— Task details —
For this exercise, retype all the data exactly and exclude every image.

— Given data —
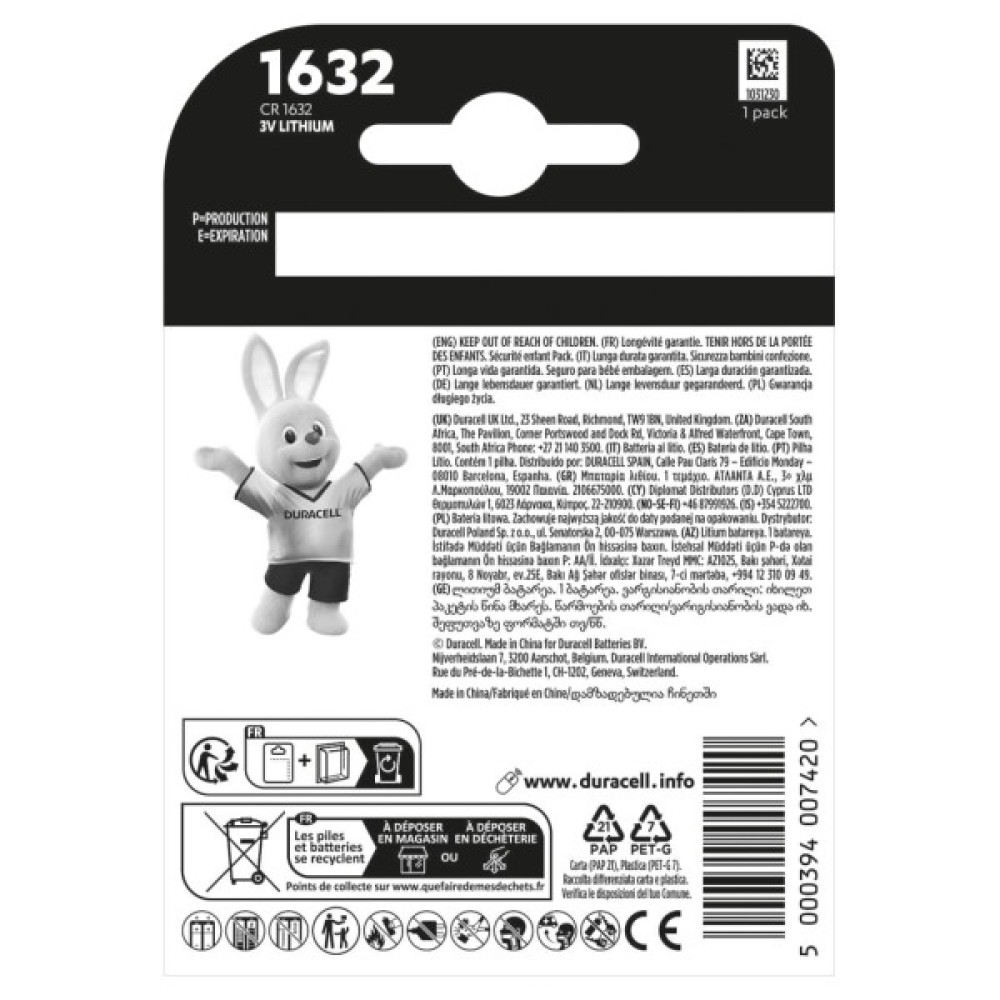 Батарейка, CR, 1632, спеціальна, літієва, типу, таблетка, 1632, 3V, 1, шт, упаковці, Duracell, 5011068
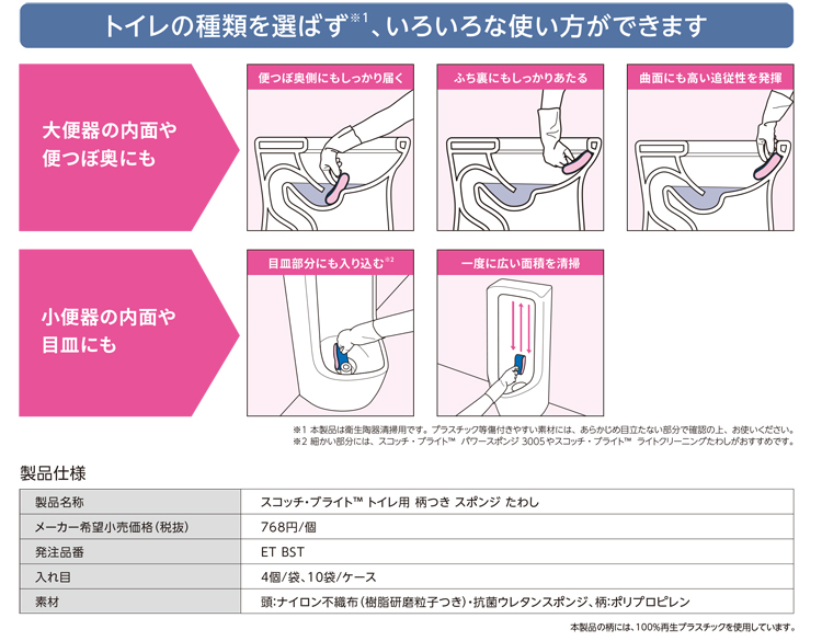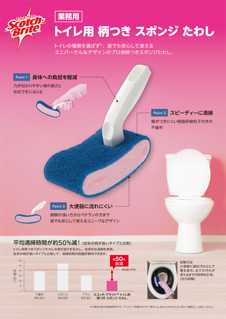 トイレの種類を選ばず、誰でも安心して使えるユニバーサルなデザインのプロ用柄付きスポンジたわし
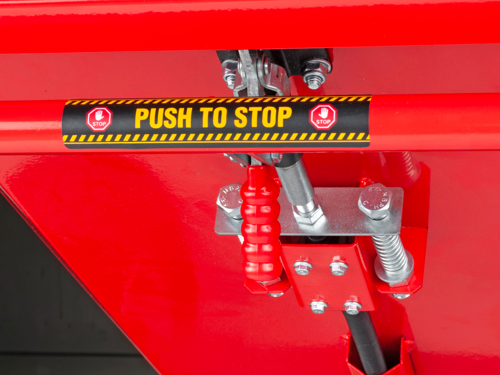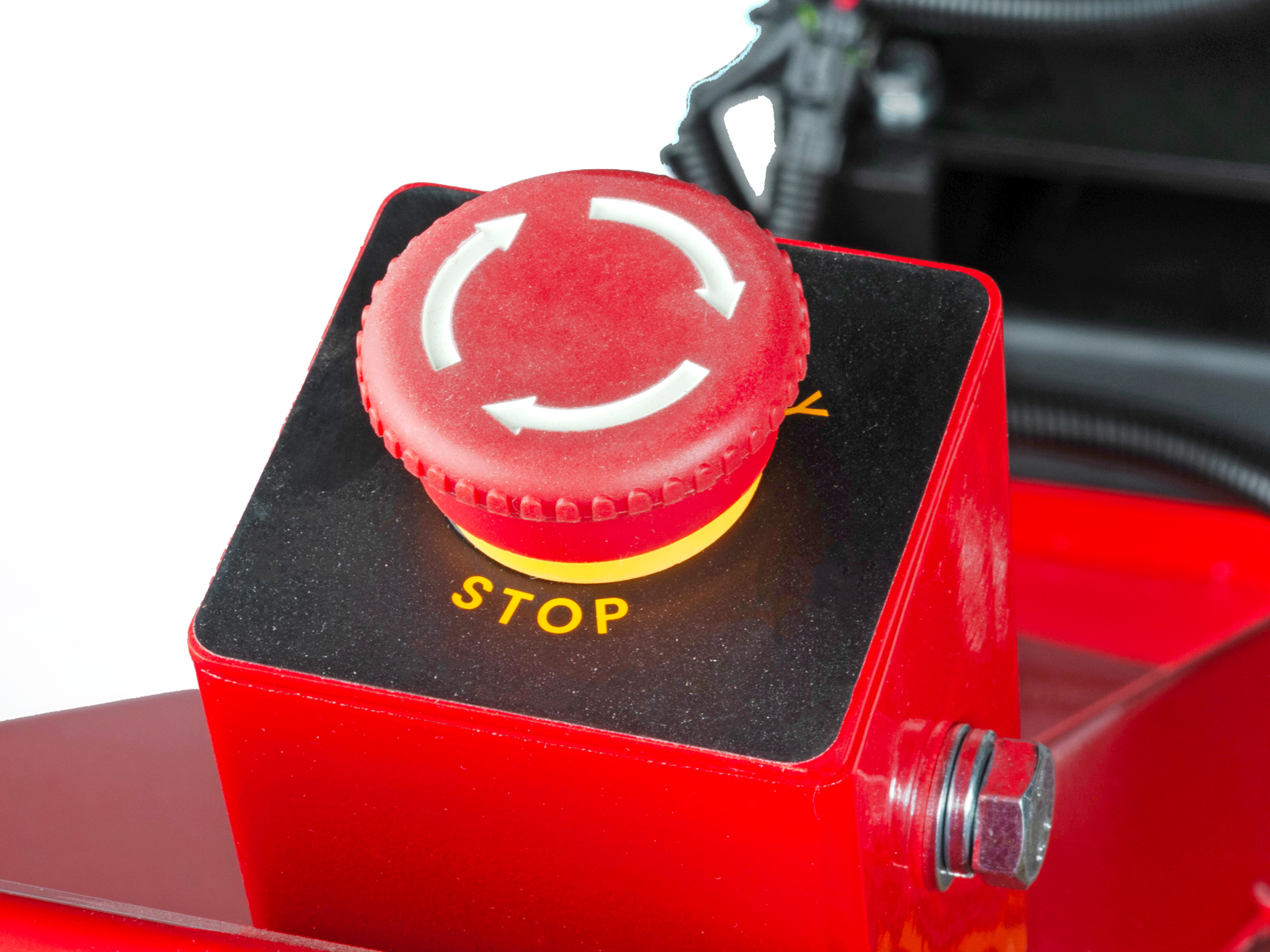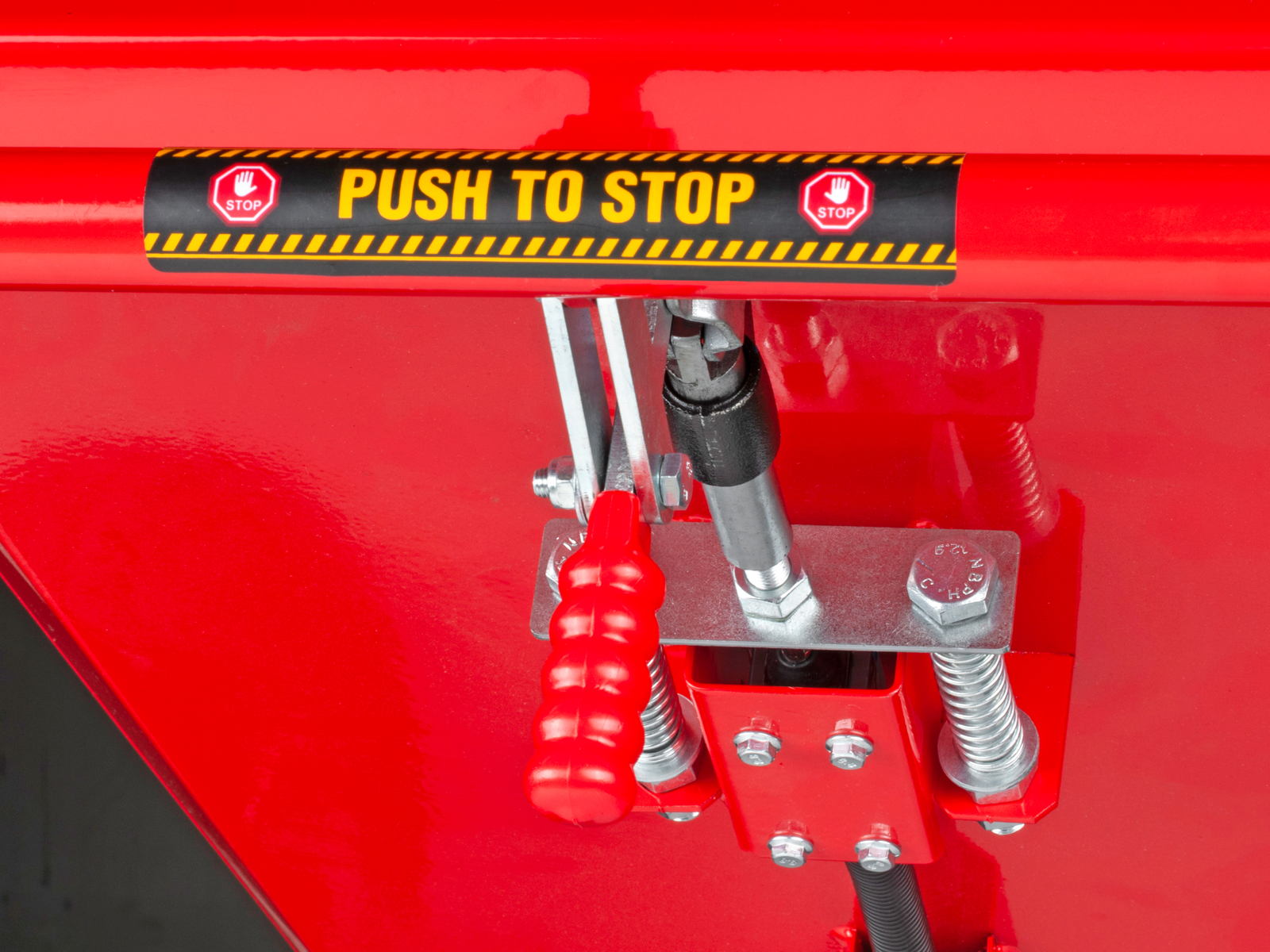For brukerens sikkerhet er fliskutteren utstyr med nødstopp, samt gummideksel for innmating for å forhindre sprut av ved og bark.

— Solved exercise —
 Батарейка, CR, 1632, спеціальна, літієва, типу, таблетка, 1632, 3V, 1, шт, упаковці, Duracell, 5011068
 トイレの種類を選ばず、誰でも安心して使えるユニバーサルなデザインのプロ用柄付きスポンジたわし
For brukerens sikkerhet er fliskutteren utstyr med nødstopp, samt gummideksel for innmating for å forhindre sprut av ved og bark.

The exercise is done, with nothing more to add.